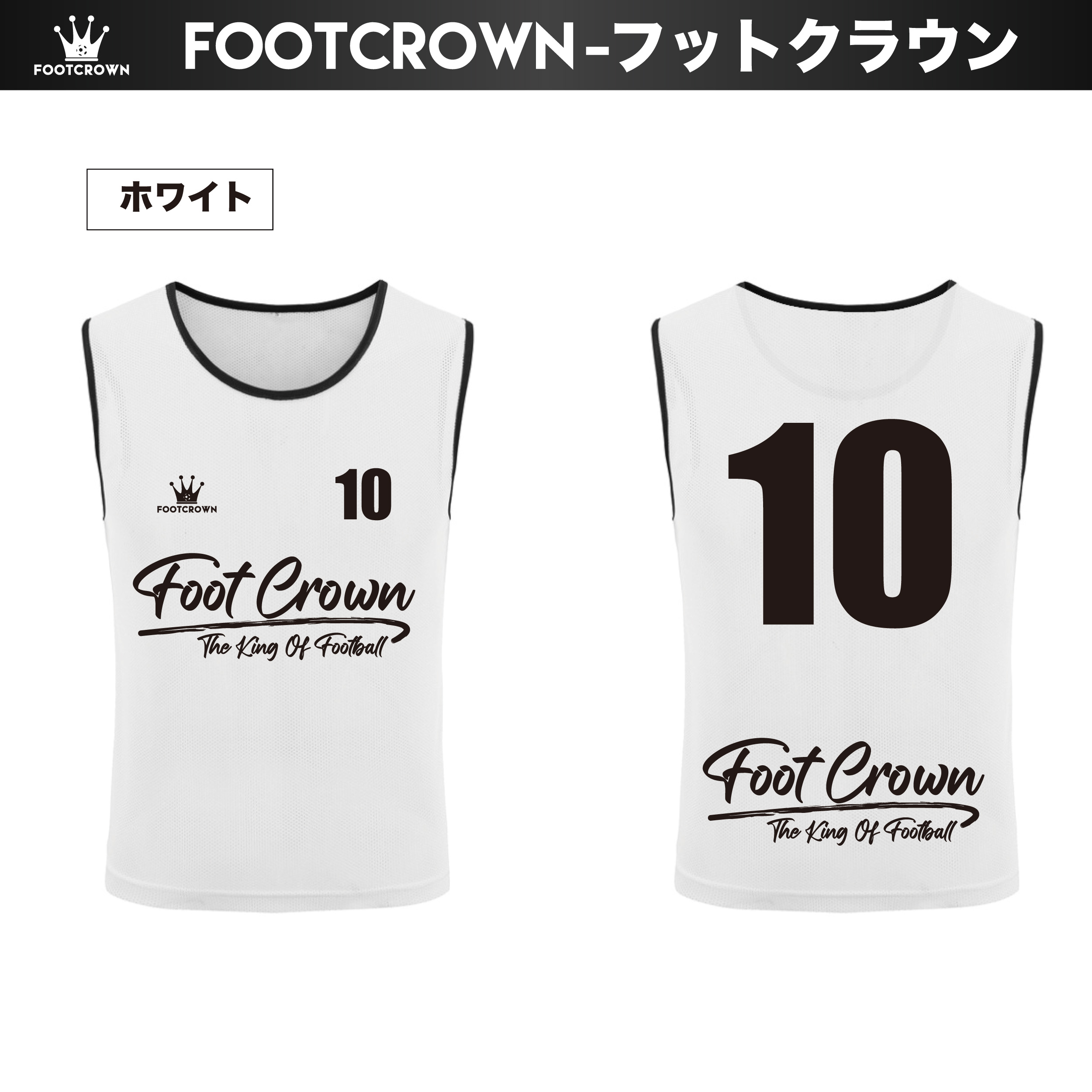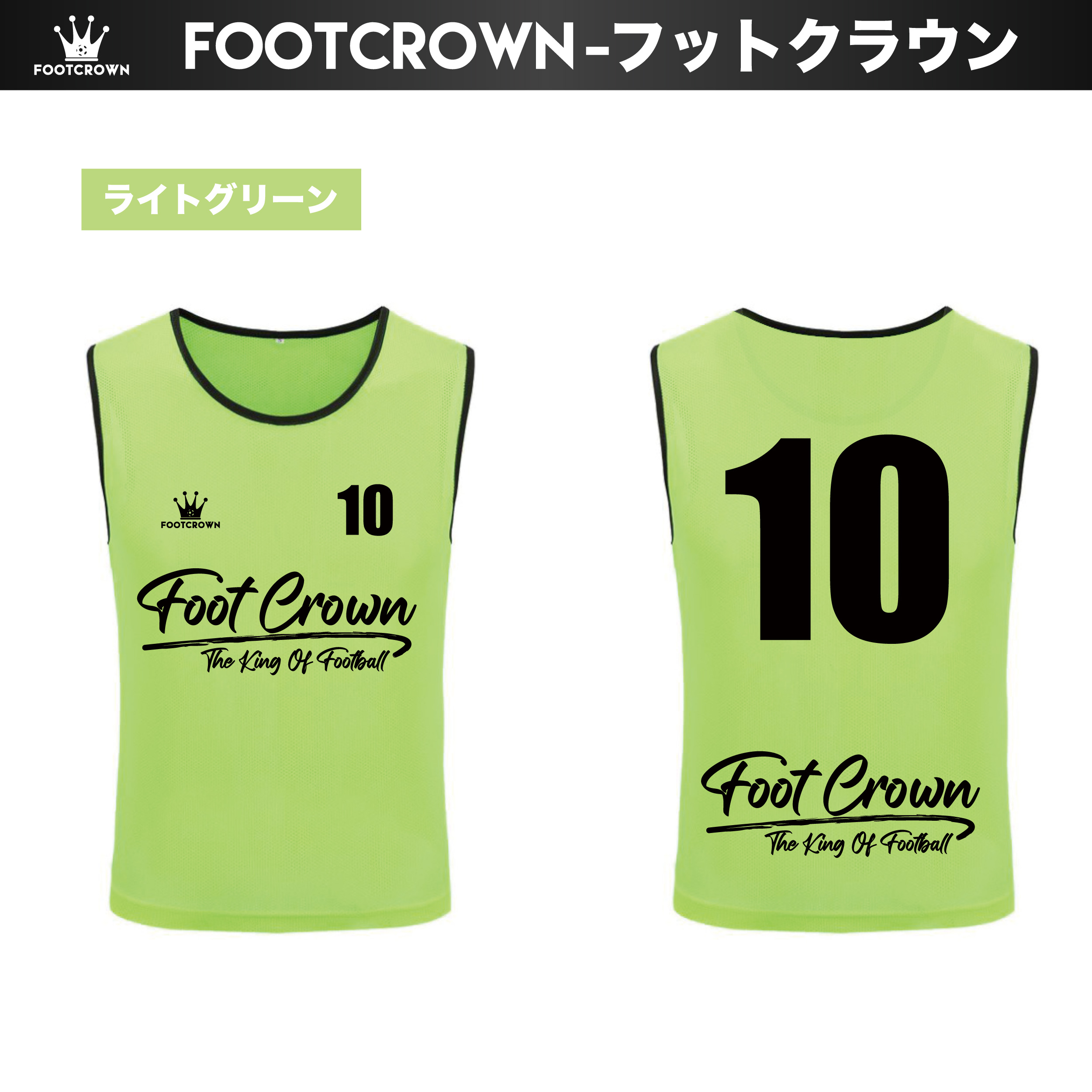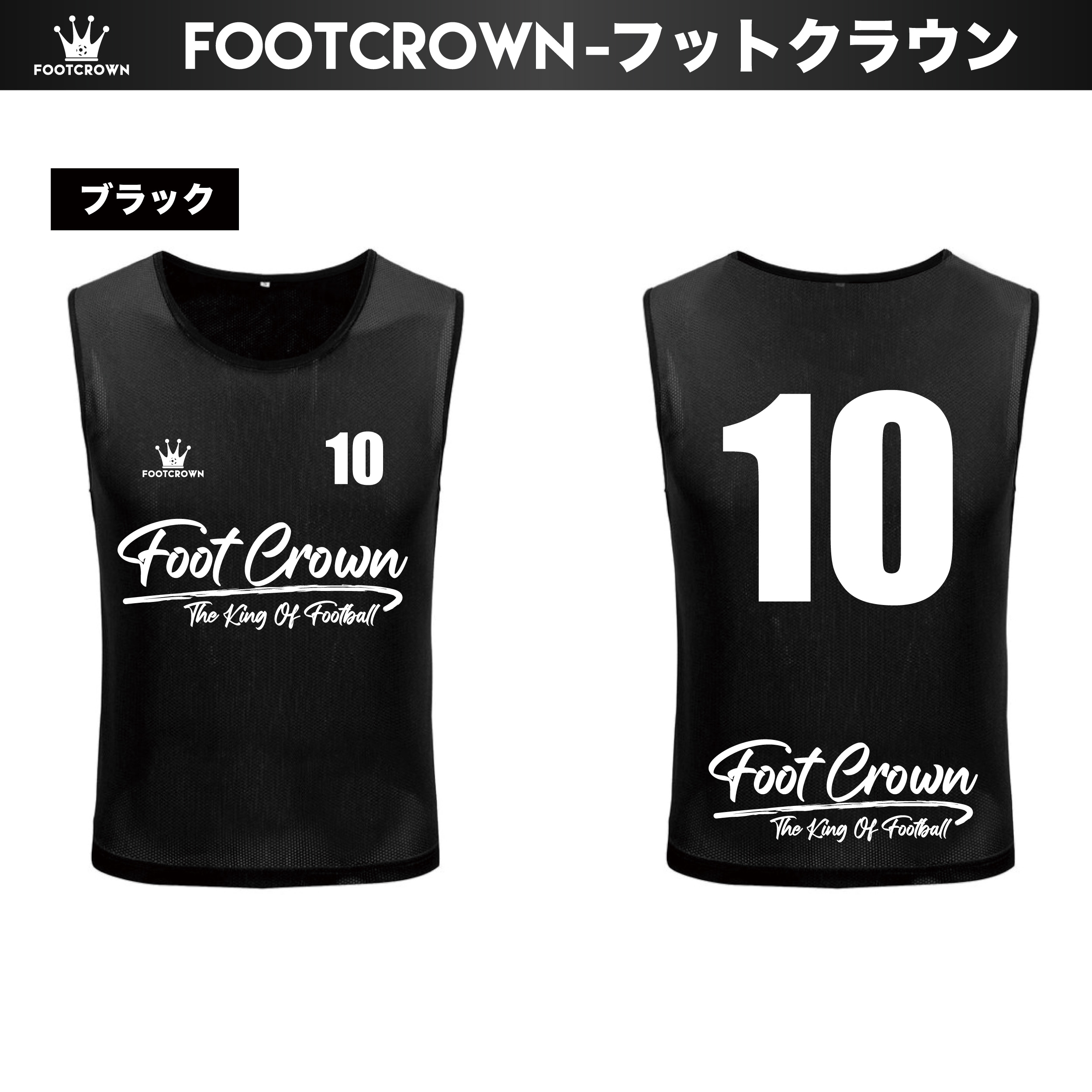フットクラウンでは、独自の筆記体ロゴ(ブラッシュロゴ)をあしらった、他にはないスタイリッシュなメッシュビブスをご用意しました。
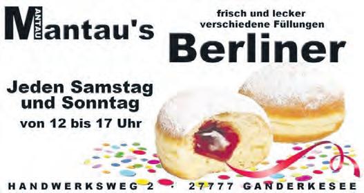 Oldenburger Str., DEL Ganderkesee Bremer Str., DEL Harpstedt 0 75 Grillkotelett/ Frisches Kotelett am Knochen, natur oder grillfertig zubereitet 100g 0 85 Bauerngulasch mager und zart, aus dem Schinken geschnitten, küchenfertig zubereitet 100g 0 89 Fleischsalat mit oder ohne Kräutern, mit über 50% Fleischwursteinlage 100g 1 39 Unsere Leberwurst verschieden sortiert 100g Nur Montag & Diensta g! 6 99 Gehacktes aus Schwein und Rind, laufend frisch 1kg Ab Donnerstag! 0 79 Kaminbraten aus dem Nacken, gewürzt, küchenfertig zubereitet 100g 0 99 Aus der SB-Theke: Unsere Currywurst aus eigener Herstellung, 3er oder 4er Pakete 100g 1 25 Putenschlemmersteak Ceylon aus der Brust geschnitten, mit der feinen fruchtigen Schärfe und einem Hauch von Curry 100g 1 25 Pollo Fino gewürzt, mit Haut, super saftig, für Grill, Pfanne und Backofen 100g 0 95 Unser Hackepeter mager und würzig, extra fein 100g Nur solange der Vorrat reicht. Irrtum vorbehalten. Holländischer Schnittkäse Gouda, jung 48% Fett i. Tr. 1kg = 8,90 100g 0 89 Kabeljauloins 1kg = 29,90 100g 2 99 Aus eigener Herstellung Fischspieß LimetteSpicy-Lemon 1kg = 22,90 100g 2 29 BienenstichPlunder* 1kg = 8,78 90g Stück 0 79 Matjes in Honig-Senf-Sauce 1kg = 16,90 100g 1 69 Flammlachs mit Haut, gagart und mariniert 1kg = 39,90 100g 3 99 1 49 Aus eigener Herstellung: Mozzarella-Salat mit Tomaten 1kg = 14,90 100g 1 69 Gegrillte Paprika abgezogen und flambiert, mit Knoblauch 1kg = 16,90 100g 1 89 Deutscher Edelpilzkäse Bavaria Blu versch. Sorten, 60/70% Fett i. Tr. 1kg = 18,90 100g 1 99 Deutscher Weichkäse Bonifaz mit versch. Zutaten, sortiert, 70% Fett i. Tr. 1kg = 19,90 100g AUS DER SB-BACKSTATION! * nicht erhältlich in der Schönemoorer Straße
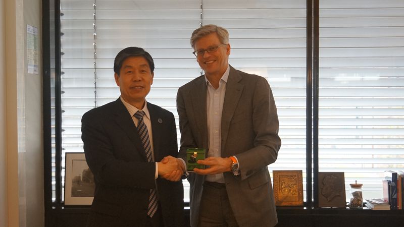 访问阿姆斯特丹自由大学(VU)期间,校长Jaap Winter会见代表团一行。Winter校长对我校代表团首次到访表示热烈欢迎,简要介绍了阿姆斯特丹自由大学在学科布局、学术影响力以及交叉学科发展等方面的情况。刘建平介绍了学校历史沿革、优势科学以及与校企合作等有关情况,并详细介绍了以新校区建设推动学科族群,以及社会科学与工学学科融合发展的相关理念与做法。双方希望尽快推动双向学生流动,就学分互认、学位互授、资助模式等共同感兴趣的话题进行了深入探讨。双方一致认为,两校在学科布局上形成优势互补,希望尽快确定重点合作领域,借助更多的外部资源,促进高水平科研合作,带动创新人才培养。随后,代表团与阿姆斯特丹自由大学国际处以及理学院代表就如何开展双学位项目、暑期学校和合作科研等进行深入的探讨。
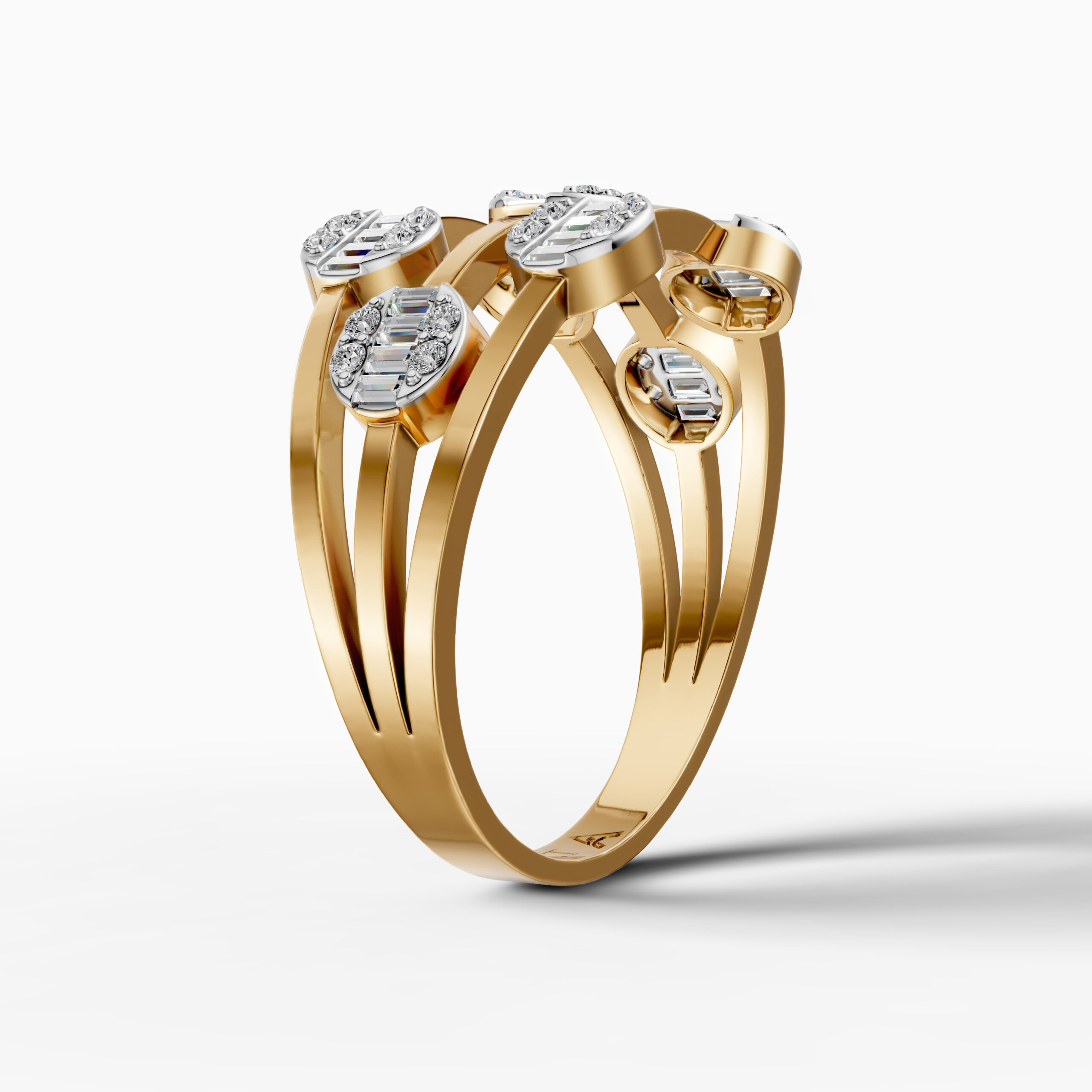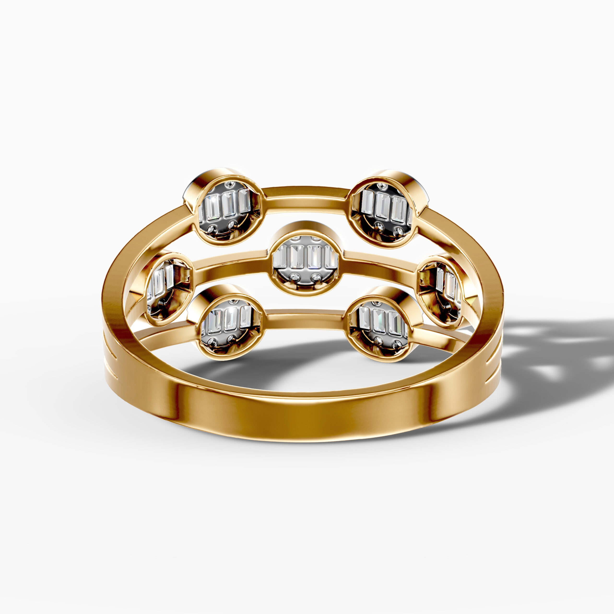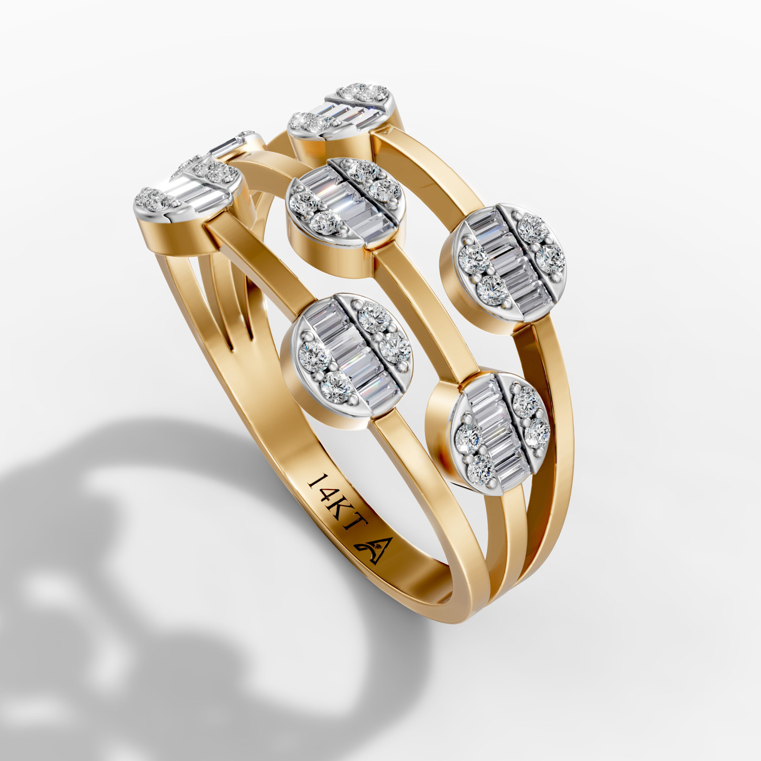 14K Yellow Gold Baguette & Round Natural Diamonds Multi-Row Circle Ring
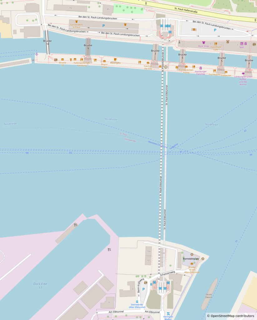 Startet man bei den Landungsbrücken, kommt man in Steinwerder wieder ans Tageslicht.
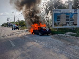 Playa del Carmen, Q. Roo, Lunes 13 de Septiembre de 2021, poderycrítica.- Un vehículo particular se incendió en el bulevar Playa del Carmen sin que se reporten lesionados, únicamente la pérdida total en la unidad que sufrió una falla mecánica.
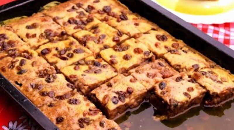 Ostavite dase kolač prohladi oko 15 minuta, isecite kocke i pustite da još upije sirup. Možete još pečen kolač izbockati čačkalicom da bolje upije.
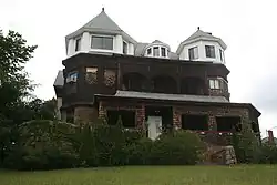 The Jesse Moore House is located northeast of downtown Worcester, in the Bell Hill neighborhood. It occupies a lot at the northwest corner of Catherine and Windsor Streets, where it is set up on a rise, with a granite retaining wall at the sidewalk. It is a 2+1⁄2-story structure, with the asymmetrical style and massing typical of the Queen Anne style. It has two three-story octagonal towers on its southern facade, along with a shingled porch. The second level has a recessed porch area between the two towers. Its ground floor is finished in rock-faced granite, while the upper levels are finished in wooden clapboards and shingles. Portions of the front and sides are decorated with colored terra cotta tiles.[2]
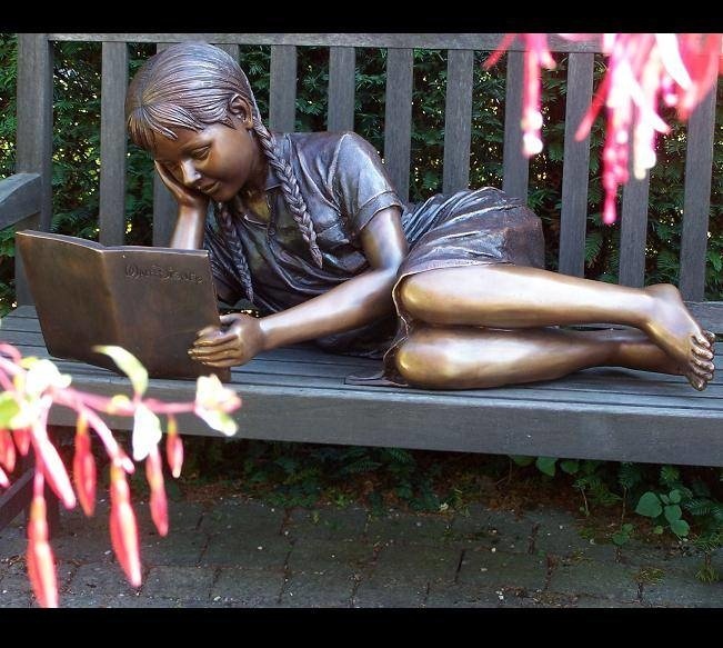 Liegendes Mädchen, das Bronze liest

==================================================

### WORK ORDER
All entries are to be duplicated exactly, with the pictures left out.

### OUTPUT BELOW
フットクラウンでは、独自の筆記体ロゴ(ブラッシュロゴ)をあしらった、他にはないスタイリッシュなメッシュビブスをご用意しました。
 Oldenburger Str., DEL Ganderkesee Bremer Str., DEL Harpstedt 0 75 Grillkotelett/ Frisches Kotelett am Knochen, natur oder grillfertig zubereitet 100g 0 85 Bauerngulasch mager und zart, aus dem Schinken geschnitten, küchenfertig zubereitet 100g 0 89 Fleischsalat mit oder ohne Kräutern, mit über 50% Fleischwursteinlage 100g 1 39 Unsere Leberwurst verschieden sortiert 100g Nur Montag & Diensta g! 6 99 Gehacktes aus Schwein und Rind, laufend frisch 1kg Ab Donnerstag! 0 79 Kaminbraten aus dem Nacken, gewürzt, küchenfertig zubereitet 100g 0 99 Aus der SB-Theke: Unsere Currywurst aus eigener Herstellung, 3er oder 4er Pakete 100g 1 25 Putenschlemmersteak Ceylon aus der Brust geschnitten, mit der feinen fruchtigen Schärfe und einem Hauch von Curry 100g 1 25 Pollo Fino gewürzt, mit Haut, super saftig, für Grill, Pfanne und Backofen 100g 0 95 Unser Hackepeter mager und würzig, extra fein 100g Nur solange der Vorrat reicht. Irrtum vorbehalten. Holländischer Schnittkäse Gouda, jung 48% Fett i. Tr. 1kg = 8,90 100g 0 89 Kabeljauloins 1kg = 29,90 100g 2 99 Aus eigener Herstellung Fischspieß LimetteSpicy-Lemon 1kg = 22,90 100g 2 29 BienenstichPlunder* 1kg = 8,78 90g Stück 0 79 Matjes in Honig-Senf-Sauce 1kg = 16,90 100g 1 69 Flammlachs mit Haut, gagart und mariniert 1kg = 39,90 100g 3 99 1 49 Aus eigener Herstellung: Mozzarella-Salat mit Tomaten 1kg = 14,90 100g 1 69 Gegrillte Paprika abgezogen und flambiert, mit Knoblauch 1kg = 16,90 100g 1 89 Deutscher Edelpilzkäse Bavaria Blu versch. Sorten, 60/70% Fett i. Tr. 1kg = 18,90 100g 1 99 Deutscher Weichkäse Bonifaz mit versch. Zutaten, sortiert, 70% Fett i. Tr. 1kg = 19,90 100g AUS DER SB-BACKSTATION! * nicht erhältlich in der Schönemoorer Straße
 访问阿姆斯特丹自由大学(VU)期间,校长Jaap Winter会见代表团一行。Winter校长对我校代表团首次到访表示热烈欢迎,简要介绍了阿姆斯特丹自由大学在学科布局、学术影响力以及交叉学科发展等方面的情况。刘建平介绍了学校历史沿革、优势科学以及与校企合作等有关情况,并详细介绍了以新校区建设推动学科族群,以及社会科学与工学学科融合发展的相关理念与做法。双方希望尽快推动双向学生流动,就学分互认、学位互授、资助模式等共同感兴趣的话题进行了深入探讨。双方一致认为,两校在学科布局上形成优势互补,希望尽快确定重点合作领域,借助更多的外部资源,促进高水平科研合作,带动创新人才培养。随后,代表团与阿姆斯特丹自由大学国际处以及理学院代表就如何开展双学位项目、暑期学校和合作科研等进行深入的探讨。
 14K Yellow Gold Baguette & Round Natural Diamonds Multi-Row Circle Ring
 Startet man bei den Landungsbrücken, kommt man in Steinwerder wieder ans Tageslicht.
 Playa del Carmen, Q. Roo, Lunes 13 de Septiembre de 2021, poderycrítica.- Un vehículo particular se incendió en el bulevar Playa del Carmen sin que se reporten lesionados, únicamente la pérdida total en la unidad que sufrió una falla mecánica.
 Ostavite dase kolač prohladi oko 15 minuta, isecite kocke i pustite da još upije sirup. Možete još pečen kolač izbockati čačkalicom da bolje upije.
 The Jesse Moore House is located northeast of downtown Worcester, in the Bell Hill neighborhood. It occupies a lot at the northwest corner of Catherine and Windsor Streets, where it is set up on a rise, with a granite retaining wall at the sidewalk. It is a 2+1⁄2-story structure, with the asymmetrical style and massing typical of the Queen Anne style. It has two three-story octagonal towers on its southern facade, along with a shingled porch. The second level has a recessed porch area between the two towers. Its ground floor is finished in rock-faced granite, while the upper levels are finished in wooden clapboards and shingles. Portions of the front and sides are decorated with colored terra cotta tiles.[2]
 Liegendes Mädchen, das Bronze liest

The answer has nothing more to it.